明堂:穴前の開けた平地であり、「水を聚め」「気を受ける」核心区域である。明堂には内明堂と外明堂の区別があり、本篇で言う「堂に到る」水は主に内明堂に入るものを指す。
水口:水流が穴場区域を離れる出口であり、風水格局の中で最も鍵となる関鎖の場所である。水口が緊密なら気は聚まり、水口が寬散なら気は泄れる。
水口砂:水口の両側の山体或いは石体であり、捍門(門戸のように対峙する山峰)と羅星(水口中の独立した石山或いは小丘)を含む。その機能は「関鎖」の水流と真気である。

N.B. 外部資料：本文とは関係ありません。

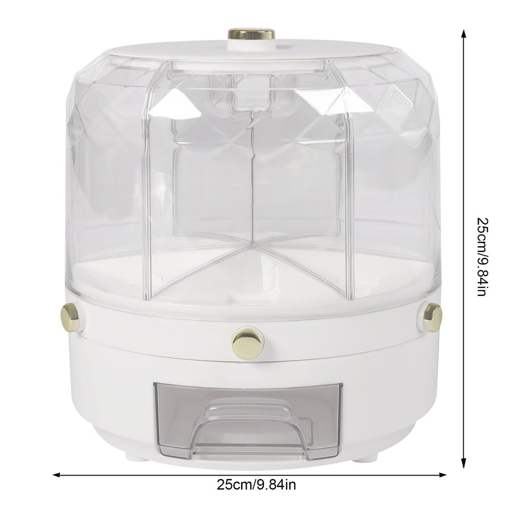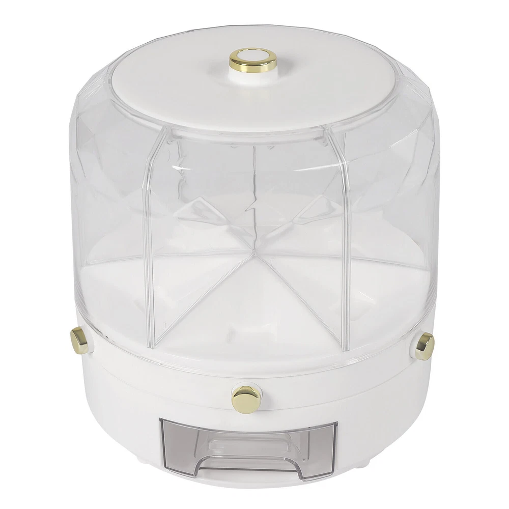 Specifications Material: Pp, Pet Surface Treatment: Gold-plated, Injection Molding Color: White Style: Modern Minimalist Shape: Round Mounting Type: Free-standing Feature: 360° Rotatable Usage: Store Flour, Sugar, Rice, Grains, Nuts, Beans, Coffee, Etc. Functions: Moisture-proof, Insect-proof Number of Grids: 6 Volume: 6kg/13.2lbs Product Size: 25*25*25cm/9.84*9.84*9.84inch Package Size: 25.5*25*25cm/10.04*9.84*9.84inch Net Weight: 1.1kg/2.4lbs Gross Weight: 1.4kg/3.08lbs Package Included 1* Grain Dispenser 1* Chinese Manual 6-Grid Rotating Rice Dispenser Dry Grain Food Storage Container Tank for Kitchen Rice Food Grain Dispenser, 6 Grids Rice & Grain Storage Container, Rotatable Sealed Grain Food Storage, One-button Pressing Storage Bucket for Grains Snacks Candy Coffee Beans Dog Food Dispenser Description Storing Rice and Various Grains in a Dry, Sealed, and Clean Environment to Avoid Insects and Spoilage Is Necessary, Safe, and Healthy for You and Your Family. Our 360° Rotatable Grain Dispenser Can Meet Your Needs. It Features High Quality, Large Storage Capacity, and Various Thoughtful Designs (Clear Appearance, Independent Buttons, Funnel Outlet, Etc.), Bringing More Convenience to Your Life. Putting All Grains in One Place Makes Your Cooking Easier. Key Features Large Storage: the Strong Capacity (13.2lbs) and Six Grids Enable the Organized Storage of Different Grains to Have Their Exclusive Space. and You Can Say Goodbye to the Disorder of Traditional Multiple Pots. 360 ° Rotatable: the 360 ° Rotatable Design Allows You to Select the Grain You Need Just by Moving Your Fingertips. Clear&Modern Appearance: the White Base&Lid, a Clear and Diamond Design Give This Grain Dispenser a Modern and Simple Appearance, Which Is Compatible with Any Room Decor. and the Clear Design Is Convenient to View Without Tedious Search, so You Can Achieve Timely Replenishment. Easy to Fill&Load: the Detachable Lid and Large Opening Design Allow for Convenient Filling. Moreover, the Independent Rice Bucket and Funnel Outlet Design Effectively Avoid Spillage&Aging Rice and Allow for an Easy&Smooth Load of Multi-grain. Proper Size: the 9.84*9.84*9.84 Inches Reasonable Size and a Contoured Design Will Maximize Storage Space and Fit Most Countertops, Tables, Pantry Racks, Cupboards, Closets, Shelves, or Cabinets. Easy to Clean: Its Dustproof Lid with a Large Opening, Smooth Surface, and Burr-free Edges Make This Grain Dispenser Easy to Clean. You Can Rinse It with Water or Wipe It with a Wet Cloth. Details Round Edge: the Smooth and Round Edge Does Not Hurt the Hand, Making It Safer to Use. Independent Buttons: Each Grid Has a Button for Quantitative Rice Production, and You Can Gently Press It to Take Grains According to Your Needs to Avoid Waste. Anti-skid Feet: the Non-slip Feet Can Effectively Prevent This Grain Dispenser from Slipping and Scratching the Countertop. Insect-proof Storage Box: You Can Add Star Anise, Garlic, and Pepper in It to Prevent Grain Insects and Prolong the Grain Shelf Life. Gold-plated Handle: the Gold-plated Handle on the Top Lid Plays a Decorative Role and Allows for Easy Holding&Opening of the Lid. Application It Is Used to Store Rice, Red Beans, Yellow Beans, Black Beans, Oats, Mung Beans, Corn Kernels, Millet, Nuts, Snacks, Various Grains, Coffee, Tea, Pet Food, and so on. and It Is Suitable for Your Kitchen, Dining Room, Bedside Table, Countertop, Pantry, Cabinet, Shelf, Etc. Specifications Material: Pp, Pet Surface Treatment: Gold-plated, Injection Molding Color: White Style: Modern Minimalist Shape: Round Mounting Type: Free-standing Feature: 360 ° Rotatable Usage: Store Flour, Sugar, Rice, Grains, Nuts, Beans, Coffee, Etc. Functions: Moisture-proof , Insect-proof Number of Grids: 6 Volume: 6kg/13.2lbs Product Size: 25*25*25cm/9.84*9.84*9.84inch Package Size: 25.5*25*25cm/10.04*9.84*9.84inch Net Weight: 1.1kg/2.4lbs Gross Weight: 1.4kg/3.08lbs Package Included 1* Grain Dispenser 1* Chinese Manual Notes Please Note That Grains Are Not Included in the Package. Please Avoid Heavy Impact, Sharp Objects, or Direct High-temperature Exposure During Use to Avoid Product Damage or Aging. Please Allow the Slight Color Difference Caused by the Shooting Light and 1-3cm Error Due to Manual Measurement, and Make Sure You Do Not Mind Before You Order. Payment Delivery details Terms of sales About us Contact us Payment We accept ebay payment 。 Fees such as import duties, taxes are not included in the item price or shipping costs. These charges are the buyer's responsibility. Delivery details Shipping: 2-9 working days to: USA Terms of sales We maintain high standards of excellence and strive for hundred percent customer satisfaction. Feedback is very important to us. We hope that you contact us immediately before you give neutral or negative feedback, so that we can address your concerns. It is impossible to address issues if we do not know about them! About us Your satis faction is our ultimate goal. We work hard to earn your trust and future business. Our certified technicians have tested each item before shipping. The unit comes with 1 year limited warranty on all manufacturing defects. a) If you receive a defective item, you may return it or ask for a discount. Please contact us within 14 days after you receive the package. b) What you returned must be intact and in its original packaging as re? u. Customer is responsible for shipping costs of the returned item. c) We will cover the cost of shipping back t with the shipping rate indicated in the registration page. We will send you a new unit or refund the full payment you paid. Thank you. Contact us Business Hour Business Hour: Monday To Friday: 8:30 AM to 5:00 PM (Beijing China time) Due to time zones, our reply to your questions may not be immediately. But within above working time, we will reply your email within 24 hours. If it's non-workdays, please kindly be patient and wait till Monday. Please contact us with ebay message

水城:水をもって城郭と為す、水流が穴場を繞る形態を指す。形状によって金城(円形環抱)、水城(屈曲有情)、木城(直来直去)、火城(尖角反背)、土城(方正平稳)などに分けられる。
朱雀:四霊の一つで、穴場の前方に位置する。水が朱雀であるとは、前方の水勢を指す。前方に水あって山なし、或いは山水が錯環すれば、いずれも吉と為せる。
元辰水:竜脈が入首するところから流れ出る水で、竜脈の「乳」のようなものであり、最も穴場に近いがゆえに第一吉水と為す。

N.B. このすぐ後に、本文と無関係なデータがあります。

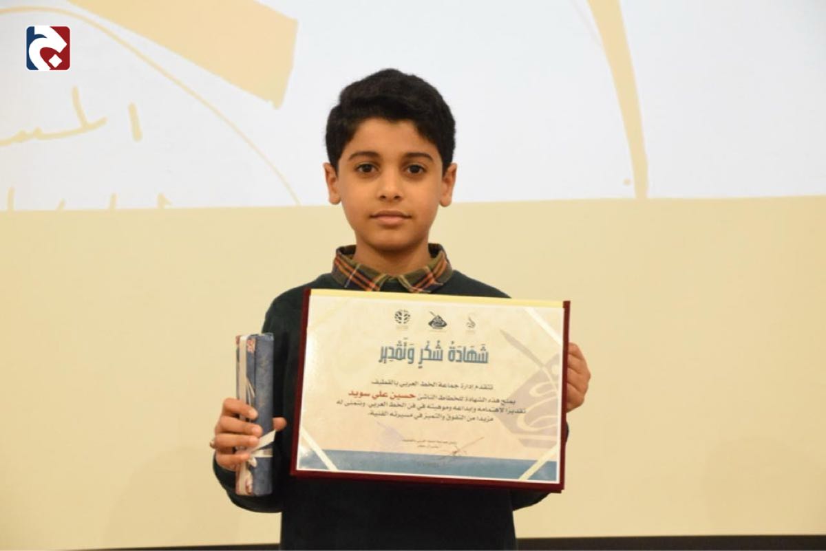 وفي لفتةٍ إنسانية، كرّمت الجماعة الخطاط الناشئ حسين ال سويد، الطالب في المرحلة الابتدائية، لحضوره الدائم للجلسات الأسبوعية وورش العمل، وتشجيعاً له على الاستمرار في تطوير موهبته.

二十四山方位:羅盤上の方位体系。文中の「巽丙丁震庚艮亥辛巳壬」は三合派水法において陽に属する方位であり、陽方から来水すれば吉と為す。具体的な配属は羅盤の使用に依る。
景観生態学:現代景観生態学の水系連通性、浜水緩衝帯、湿地生態機能に関する研究は、風水水法の「水口関鎖」「湾環有情」の觀念と構造上の類似性が存在する。研究によれば、弯曲した河道は直線河道よりも強い生態浄化能力と生息地多様性を持つ。
環境心理学:水景に対する人間の選好は文化を超えて一致性を持つ——環抱形の水景は普遍的に安全感と快適さを与えると認識される。これは「反弓水は凶」という伝統的判断と一致し、人間の進化過程における水流の浸食に対する直感的警戒に由来する可能性がある。

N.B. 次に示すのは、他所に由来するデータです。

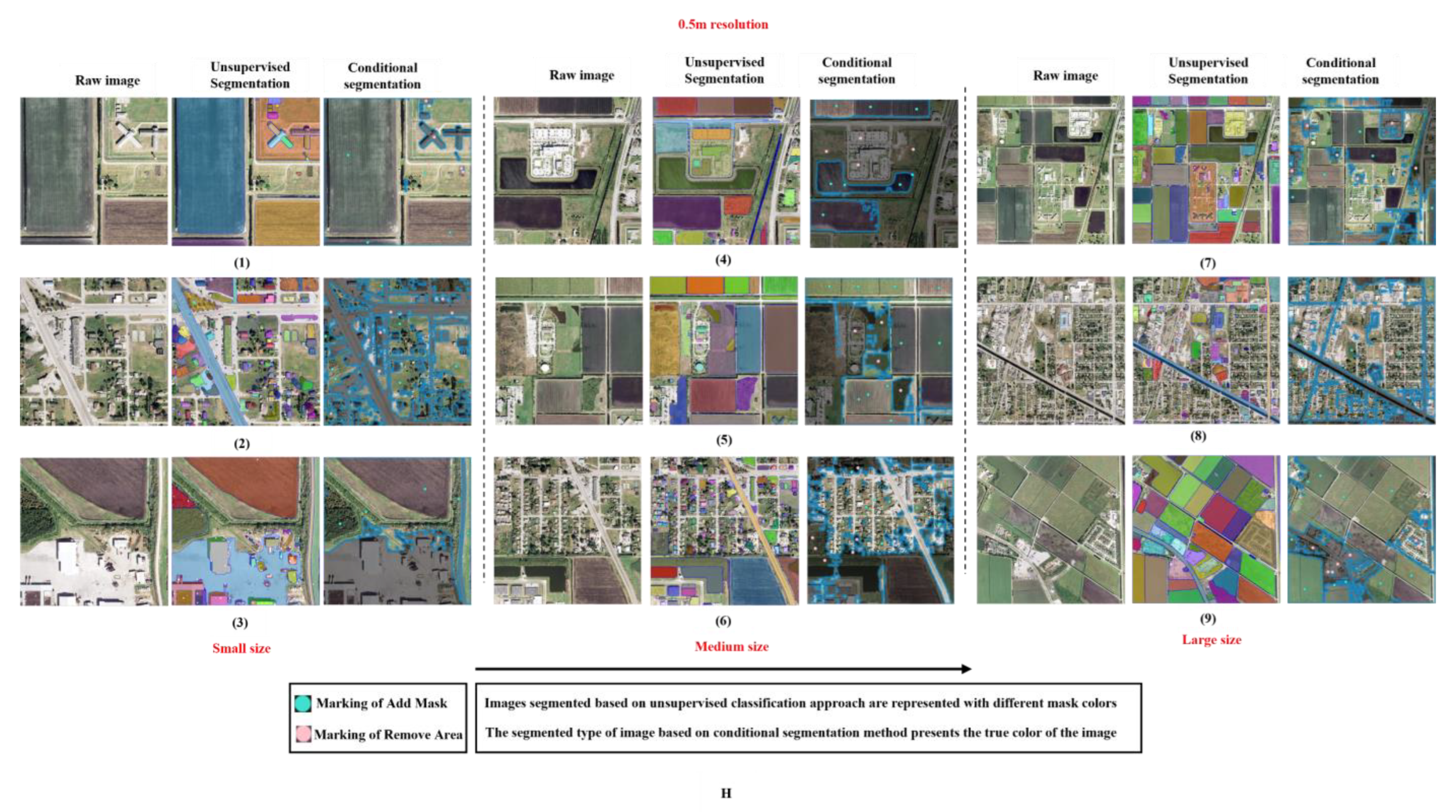 We chose a diverse array of scenarios for testing to assess the generalization capability of SAM-based segmentation for ARSIs and UGSs. To assess the suitability of SAM’s segmentation for various image types, we systematically controlled two variables, namely resolution and study area size. The following sections summarize the main results of our segmentation.

水文地質学:古代の「水を嘗むる法」は現代の地下水水質の迅速評価方法(感覚指標評価)と比較可能である。水色、匂い、口感は、依然として水源の安全性を初步的に判断する重要な指標である。
都市水システム計画:「海绵都市」の理念における水体滞留、蓄存、緩釈の設計原則は、『博山篇』が強調する「水を堂に聚む」「水口は緊なるべき」と趣を同じくする——いずれも水資源の最大化利用と生態効果の最適化を追求する。